Team Trump and their Legal Eagles

It’s been nearly impossible to write blogs over the past year or two. There has been such an embarrassment of riches in terms of legal subject matter in the news. And since January, as we all know if we have working brains, it has been coming so fast and furiously that by the time I have written something it is already old news, replaced by whatever strange goings-on have occurred in the past hour or two.

Used to be that a good legal issue worthy of writing about came up about once a week if you were lucky. Sometimes you would get two or three in one week and have trouble picking out one to focus on. Now they come up two or three times a day.

That’s right, I am talking about Team Trump and their unusual legal antics. This past week was a classic example. Even the off-hand comment by the big man himself about Madame Macron being “in great shape” was worthy of legal analysis about the impropriety (or not) of such comments.

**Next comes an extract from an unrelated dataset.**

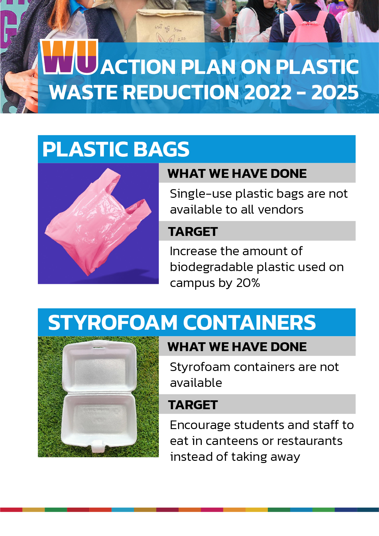 Plastic waste management measures have been implemented across WU Food Centers, shops, food kiosks, and restaurants. All vendors are prohibited from distributing handled plastic bags and foam containers, helping reduce waste at the source in line with the 3Rs principle: Reduce, Reuse, and Reject.

Trust me, based on roughly 100% of the comments from women I’ve heard about the propriety of this comment it most assuredly did not meet with their approval.

But two examples this past week stood out:

  • Donald Trump Jr.’s admission, and revelation of emails describing his attendance at a clandestine meeting with an alleged Kremlin shill, heretofore undisclosed, coupled with Jared Kushner’s apparent attempt to hide his own involvement in said meeting, is surely ripe for legal analysis.
  • And then the outburst of Trump Sr.’s own attorney, once again in email traffic, (after all, “E is for Evidence” as we criminal lawyers always like to say) deserves a comment. Or two.

Let’s start with Junior.

First of all, I have to say, while not exactly legal criticism, on a personal level I always worried that one day I might have kids who were not especially bright and wondered how that would be. Fortunately, I have the opposite problem; my kids make me feel stupid and lazy compared to them and the amazing things they have been able to accomplish in their relatively brief time on the planet. They are awesome. I wonder if Donald Sr. feels the same way? I wouldn’t.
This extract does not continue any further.